## ACTION ITEM
Each image should be skipped while the records are restated word for word.

Segment Start: GIVEN RECORDS

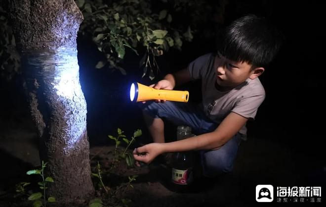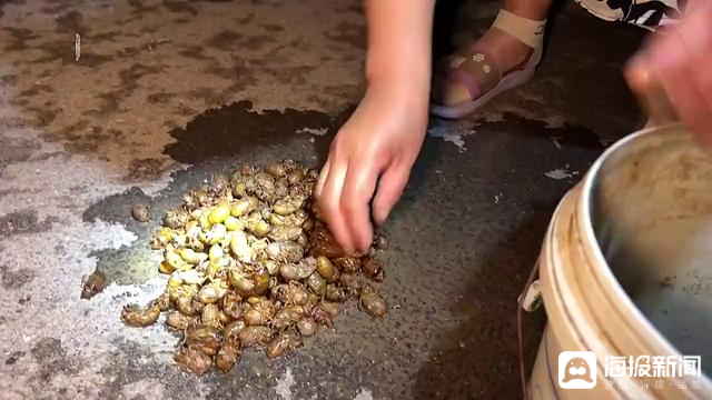 “入伏前后20天是金蝉破土的爆发期,一般在每晚8点到10点这个时间段就都爬出来了。”村民冯洪花左手拿着手电筒,右手提着塑料桶,正在刚下过雨的自家果园里深一脚浅一脚寻找金蝉的身影。
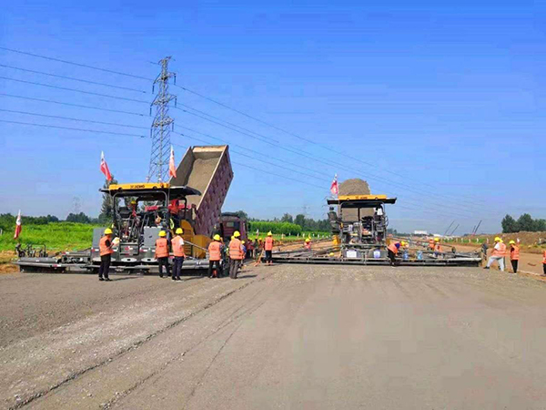水穩(wěn)攤鋪施工現(xiàn)場(chǎng)
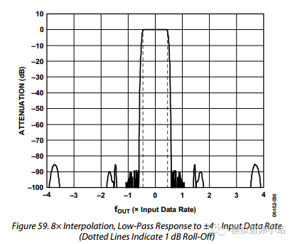 现代通信中越来越多地采用IQ信号,采用IQ的优势大致来说有两点,一个是可以获得更宽的信号带宽,另一个是具有更好的镜像抑制能力。从图中可以看到AD9779A支持最高8倍内插,并且增加了复数调制使得信号频点可以以1/8FDAC的步进移动。同时为了获得更好的带内平坦度增加了SINC-1滤波器以补偿DAC本身频响的滚降。
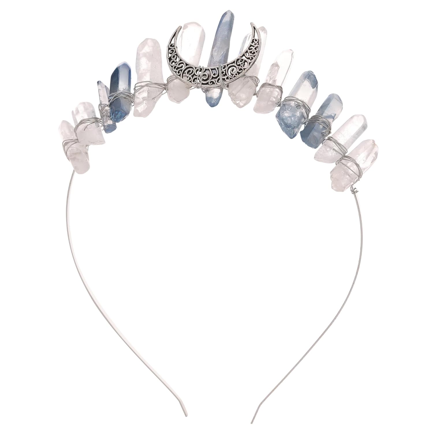 - Fantasy Crystal Moon Crown: Crafted with shimmering quartz crystals and a silver moon centerpiece, this elegant fantasy tiara blends fairy, elven, and witch aesthetics, for adult women seeking magical statement headwear
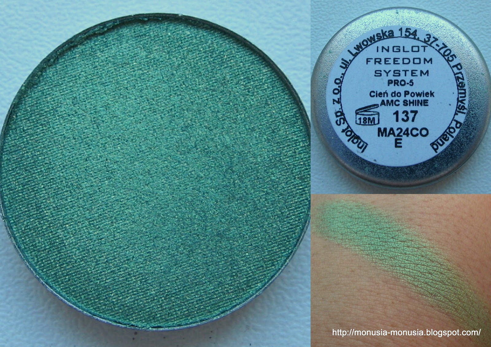| Inglot 137 AMC Shine – średni kolor zieleni, w bardziej stonowanym odcieniu, ze złotym pobłyskiem |
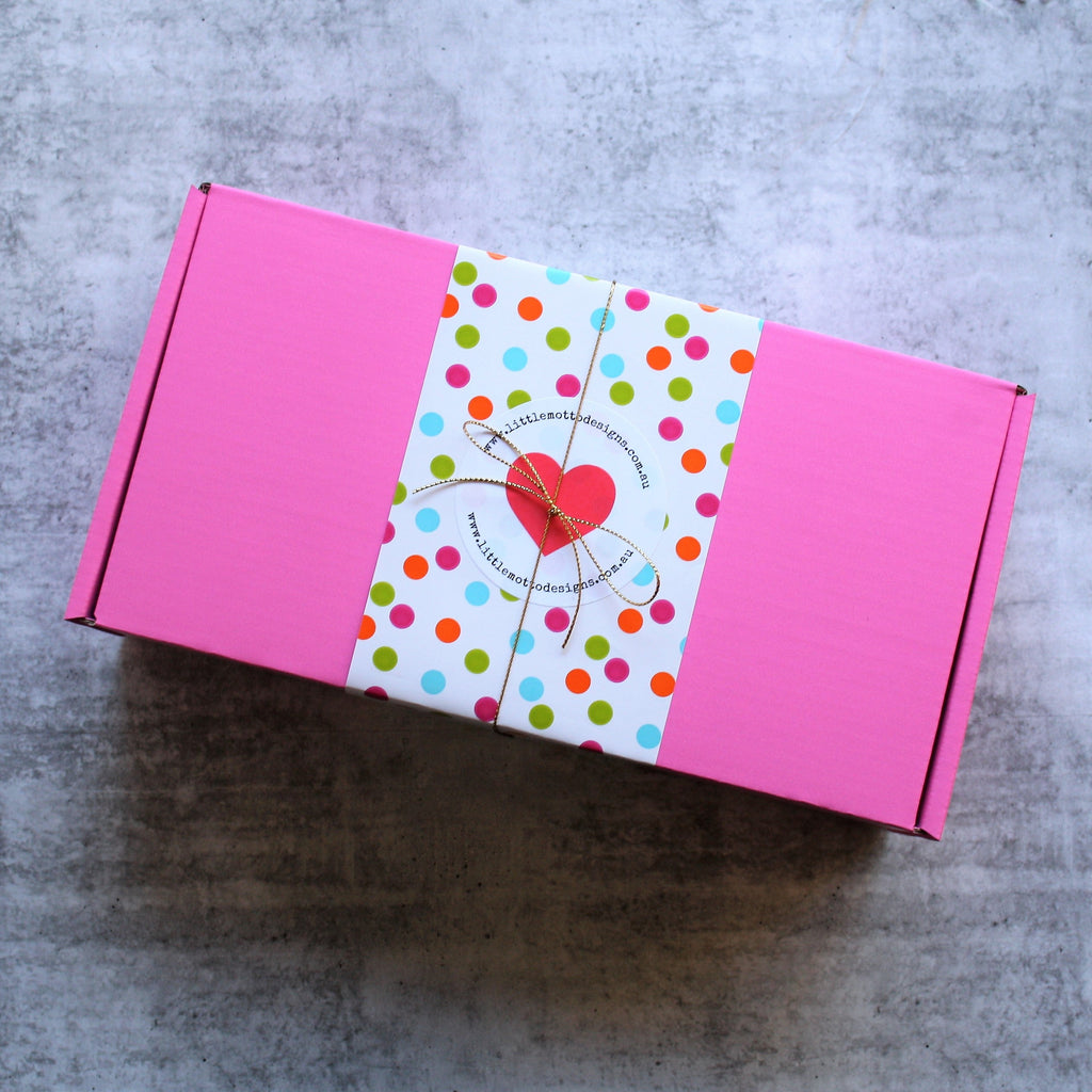 We also create Custom Hampers and Corporate Gifts. All candles are hand poured and designed by us. Please email us at info@littlemottodesigns.com.au to discuss your ideas and get a quote.
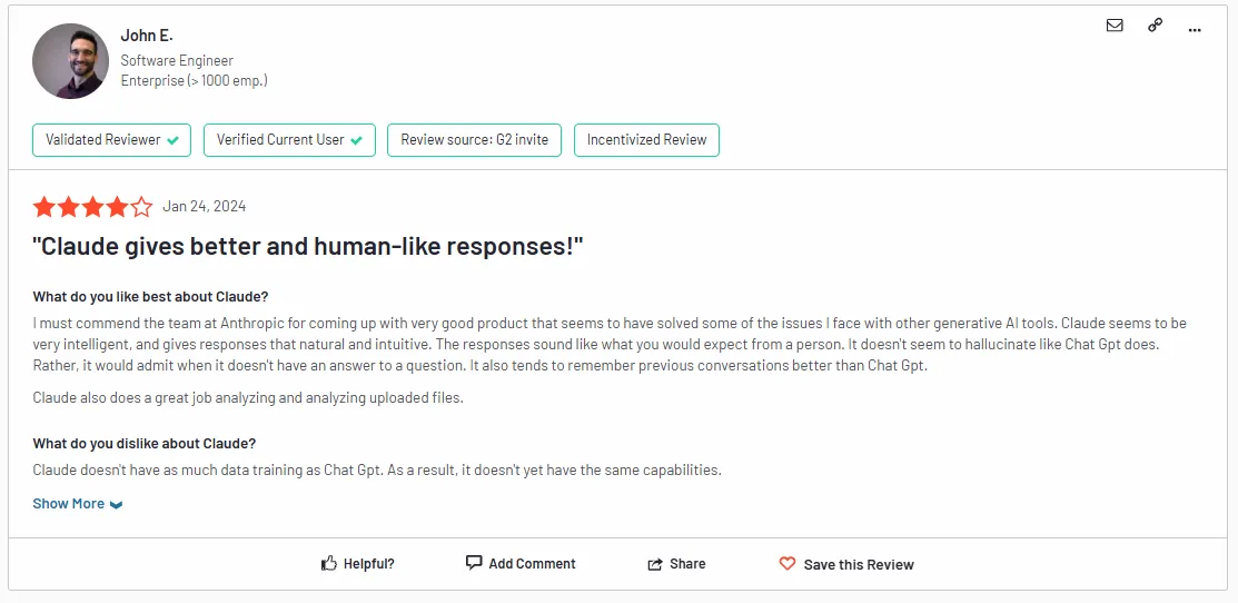 ‘’I must commend the team at Anthropic for coming up with a very good product that seems to have solved some of the issues I face with other generative AI tools. Claude seems to be very intelligent and gives responses that are natural and intuitive. The responses sound like what you would expect from a person. It doesn’t seem to hallucinate like ChatGPT does’’. – G2 Review.
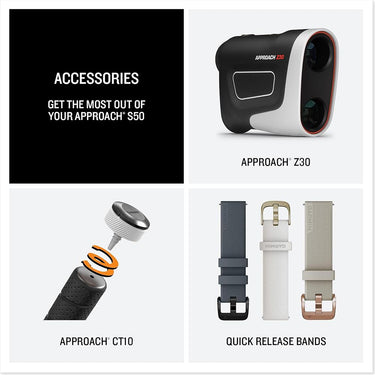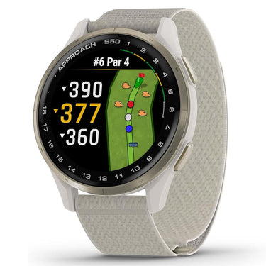 We’ve got your game with Approach S50, the GPS golf watch that gives you what you need on the course and beyond. Its slim, lightweight design and ComfortFit nylon strap make it an easy all-day wear. Its bright 1.2” AMOLED display makes it easy to see key yardages to the green, hazards and doglegs on 43,000+ preloaded courses worldwide. Get PlaysLike Distance of each shot with adjusted yardage for elevation changes, and even if you can’t see the green, always know where it is with PinPointer. Off the course, stay on top of your health with activity profiles for strength, yoga and running — plus heart rate and advanced sleep monitoring (data presented is intended to be a close estimation of metrics tracked). With up to 10 days of battery life in smartwatch mode and 15 hours in GPS mode, you can play another round without having to stop and charge. Get all the features you need on the course — and beyond — with the Approach S50 GPS golf smartwatch.
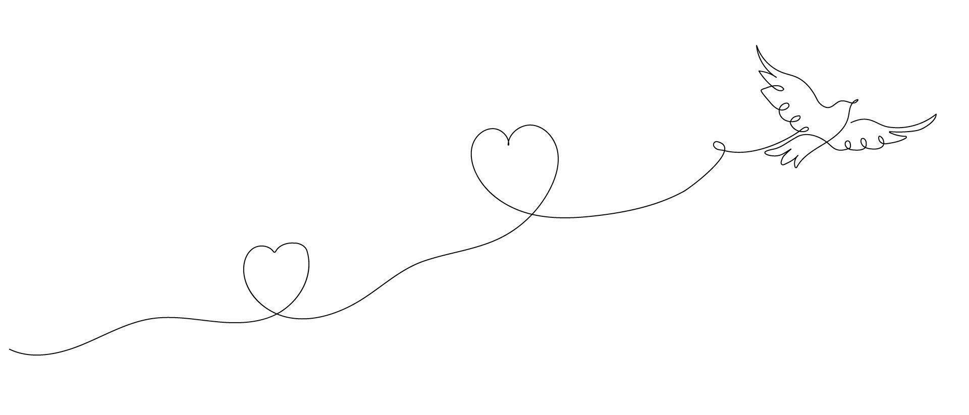 One continuous line drawing of a flying pigeon, background. Bird symbol of peace and freedom in simple linear style. Free Vector
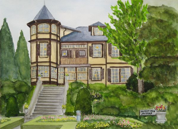 1910年に明治政府の外交官の邸宅として、東京都渋谷区南平台に建てられた洋館を移設した。。
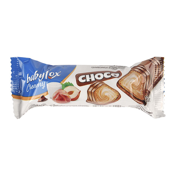 Вафельный батончик Babyfox Creamy Choco — вкусное лакомство для детей. Внутри — нежная начинка со сливочно-фундучным вкусом, которая прекрасно сочетается с хрустящей вафельной оболочкой.
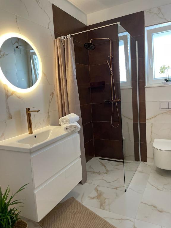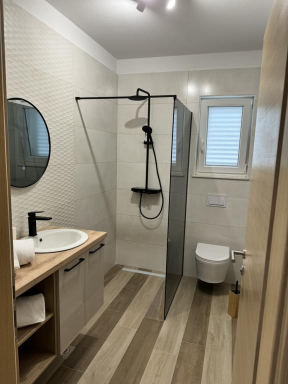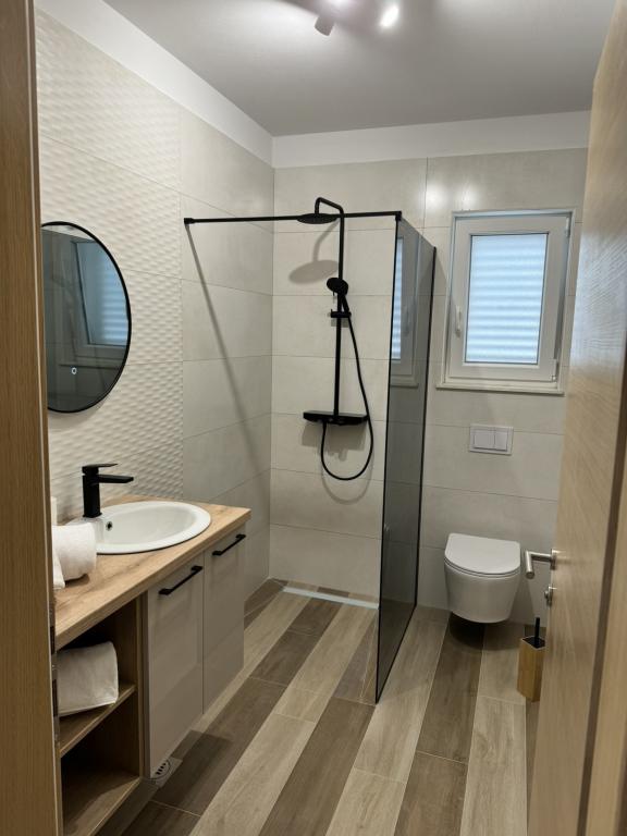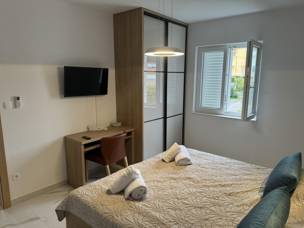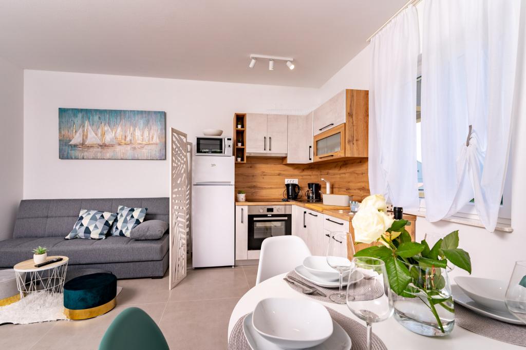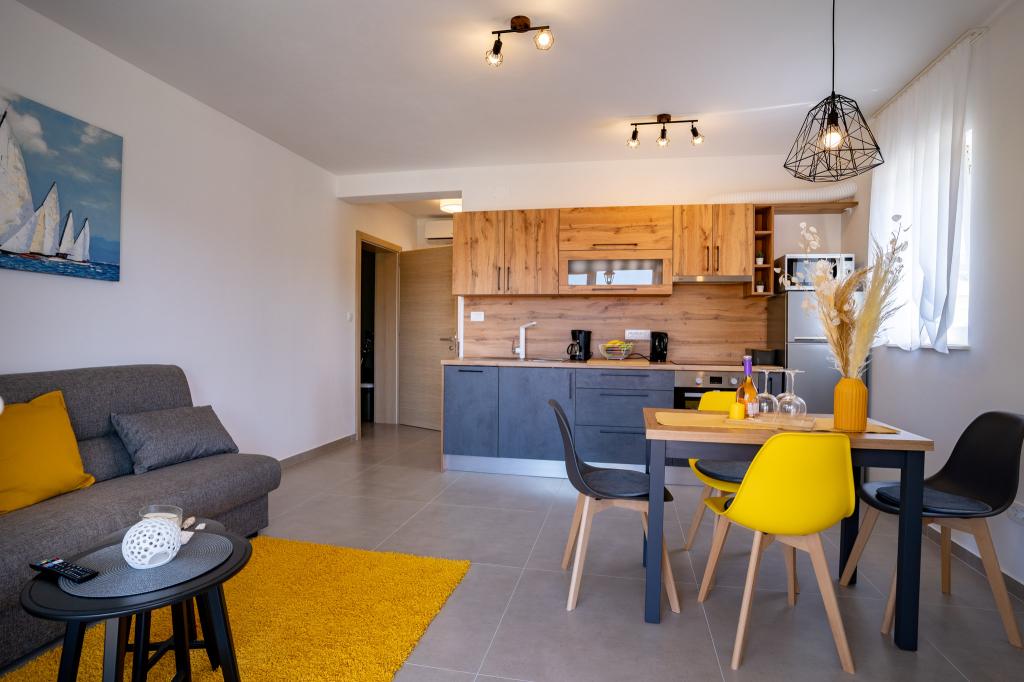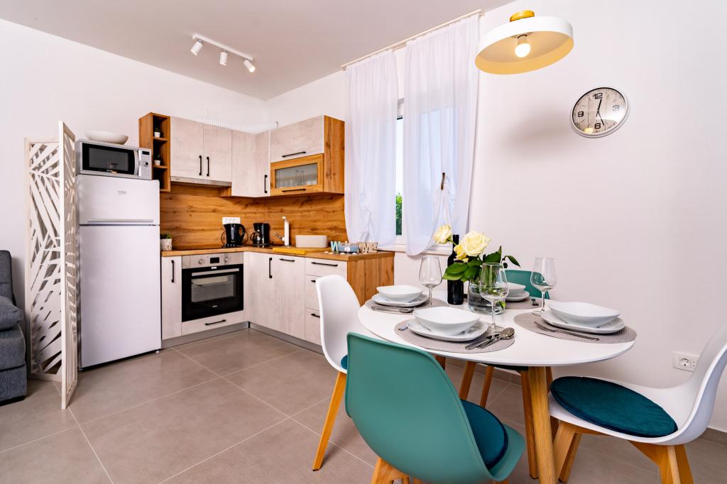 Appartements entièrement meublés de façon moderne dans un quartier calme de l'île de Rab Les appartements sont situés à 5 minutes à pied de la plage de Grat et à 10 minutes à pied du vieux centre de Grat, les supermarchés sont également à 200 mètres du bâtiment. Il y a un grand parking gratuit et une aire de jeux pour enfants devant le bâtiment.
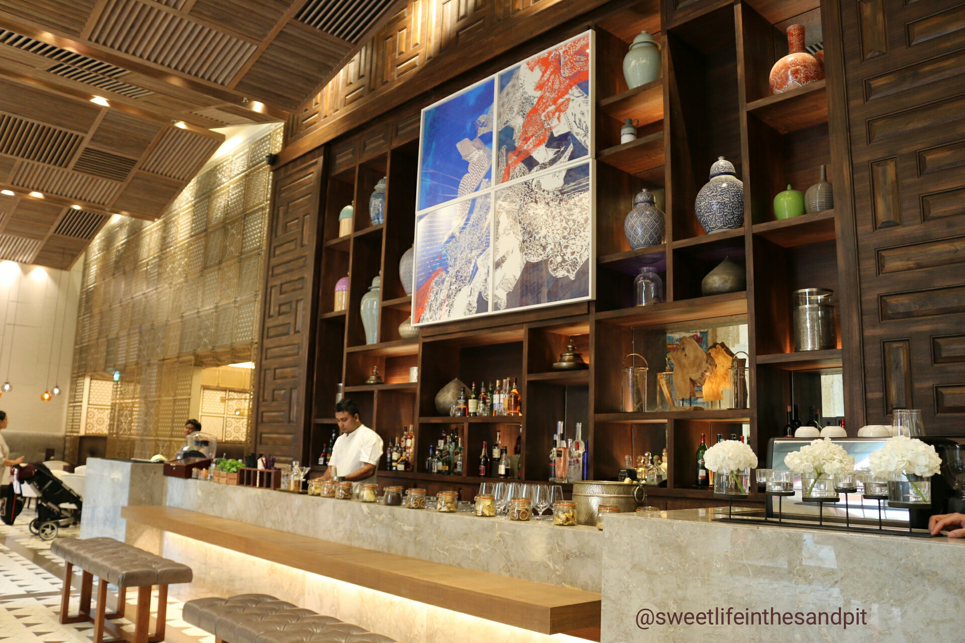 Boulevard Kitchen is located, just like the name states, right on the Boulevard in Downtown Dubai. There’s several different seating areas, indoors, semi-indoors and an outdoor area that has an incredible view of Downtown and Burj Khalifa.
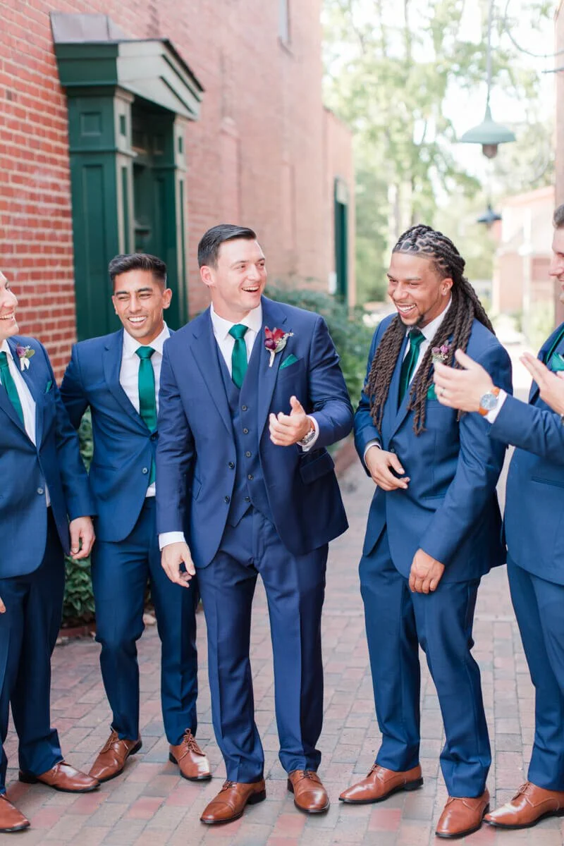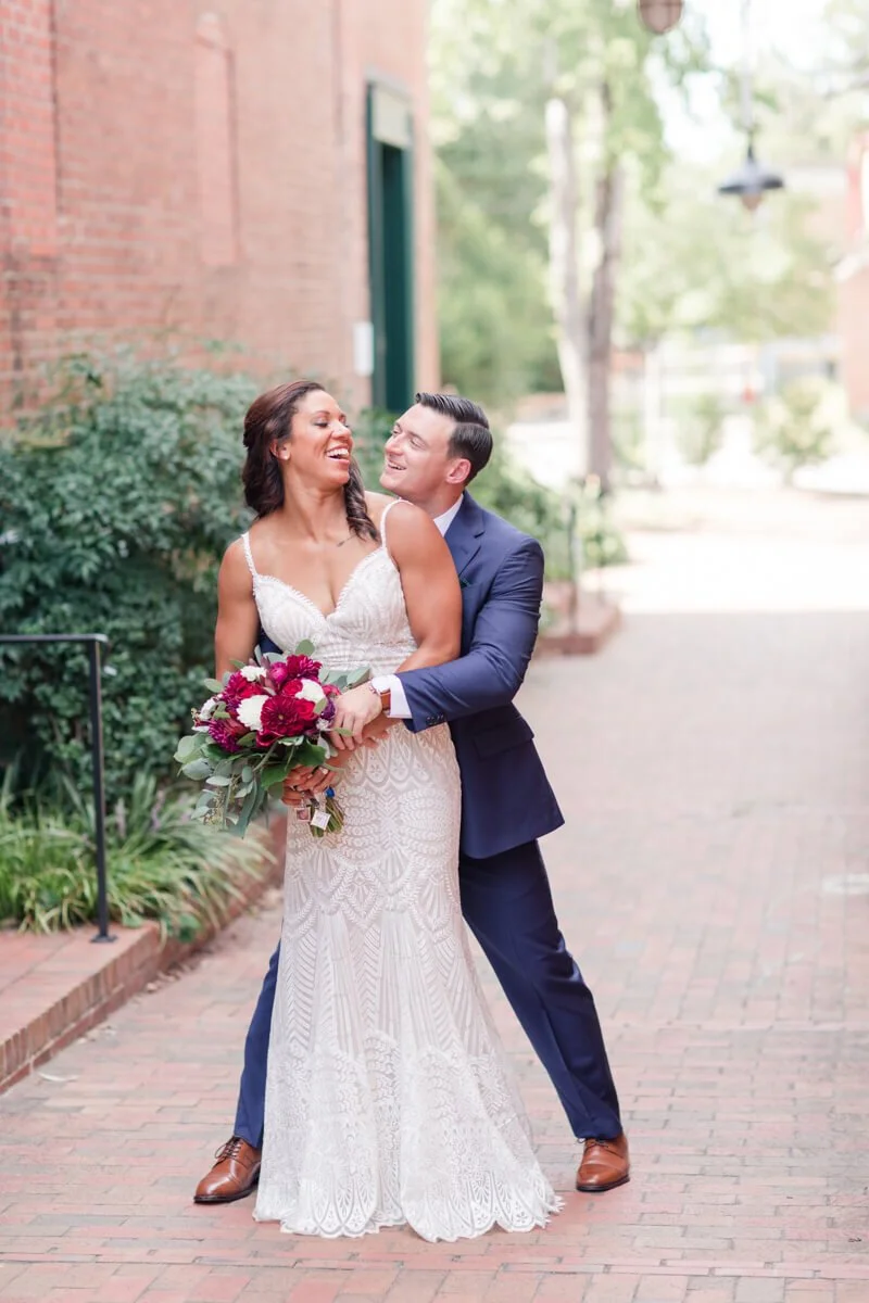 Their wedding day was simply amazing ... Elyse is one of the most relaxed brides...and I think it was her type A personality that had everything worked out and scheduled that helped her stay so calm ... she was ready. They started off at Retro Studio bar with mimosas, hair, and makeup. Then they walked to the Jefferson Inn to get ready. Jacob met her outside for a sweet first look. Then off for some portraits around Southern Pines. They were greeted by just about every stranger with a big congratulations!

Segment End: GIVEN RECORDS

## THE COMPLETED TASK
 “入伏前后20天是金蝉破土的爆发期,一般在每晚8点到10点这个时间段就都爬出来了。”村民冯洪花左手拿着手电筒,右手提着塑料桶,正在刚下过雨的自家果园里深一脚浅一脚寻找金蝉的身影。
水穩(wěn)攤鋪施工現(xiàn)場(chǎng)
 现代通信中越来越多地采用IQ信号,采用IQ的优势大致来说有两点,一个是可以获得更宽的信号带宽,另一个是具有更好的镜像抑制能力。从图中可以看到AD9779A支持最高8倍内插,并且增加了复数调制使得信号频点可以以1/8FDAC的步进移动。同时为了获得更好的带内平坦度增加了SINC-1滤波器以补偿DAC本身频响的滚降。
 - Fantasy Crystal Moon Crown: Crafted with shimmering quartz crystals and a silver moon centerpiece, this elegant fantasy tiara blends fairy, elven, and witch aesthetics, for adult women seeking magical statement headwear
| Inglot 137 AMC Shine – średni kolor zieleni, w bardziej stonowanym odcieniu, ze złotym pobłyskiem |
 We also create Custom Hampers and Corporate Gifts. All candles are hand poured and designed by us. Please email us at info@littlemottodesigns.com.au to discuss your ideas and get a quote.
 ‘’I must commend the team at Anthropic for coming up with a very good product that seems to have solved some of the issues I face with other generative AI tools. Claude seems to be very intelligent and gives responses that are natural and intuitive. The responses sound like what you would expect from a person. It doesn’t seem to hallucinate like ChatGPT does’’. – G2 Review.
 We’ve got your game with Approach S50, the GPS golf watch that gives you what you need on the course and beyond. Its slim, lightweight design and ComfortFit nylon strap make it an easy all-day wear. Its bright 1.2” AMOLED display makes it easy to see key yardages to the green, hazards and doglegs on 43,000+ preloaded courses worldwide. Get PlaysLike Distance of each shot with adjusted yardage for elevation changes, and even if you can’t see the green, always know where it is with PinPointer. Off the course, stay on top of your health with activity profiles for strength, yoga and running — plus heart rate and advanced sleep monitoring (data presented is intended to be a close estimation of metrics tracked). With up to 10 days of battery life in smartwatch mode and 15 hours in GPS mode, you can play another round without having to stop and charge. Get all the features you need on the course — and beyond — with the Approach S50 GPS golf smartwatch.
 One continuous line drawing of a flying pigeon, background. Bird symbol of peace and freedom in simple linear style. Free Vector
 1910年に明治政府の外交官の邸宅として、東京都渋谷区南平台に建てられた洋館を移設した。。
 Вафельный батончик Babyfox Creamy Choco — вкусное лакомство для детей. Внутри — нежная начинка со сливочно-фундучным вкусом, которая прекрасно сочетается с хрустящей вафельной оболочкой.
 Appartements entièrement meublés de façon moderne dans un quartier calme de l'île de Rab Les appartements sont situés à 5 minutes à pied de la plage de Grat et à 10 minutes à pied du vieux centre de Grat, les supermarchés sont également à 200 mètres du bâtiment. Il y a un grand parking gratuit et une aire de jeux pour enfants devant le bâtiment.
 Boulevard Kitchen is located, just like the name states, right on the Boulevard in Downtown Dubai. There’s several different seating areas, indoors, semi-indoors and an outdoor area that has an incredible view of Downtown and Burj Khalifa.
 Their wedding day was simply amazing ... Elyse is one of the most relaxed brides...and I think it was her type A personality that had everything worked out and scheduled that helped her stay so calm ... she was ready. They started off at Retro Studio bar with mimosas, hair, and makeup. Then they walked to the Jefferson Inn to get ready. Jacob met her outside for a sweet first look. Then off for some portraits around Southern Pines. They were greeted by just about every stranger with a big congratulations!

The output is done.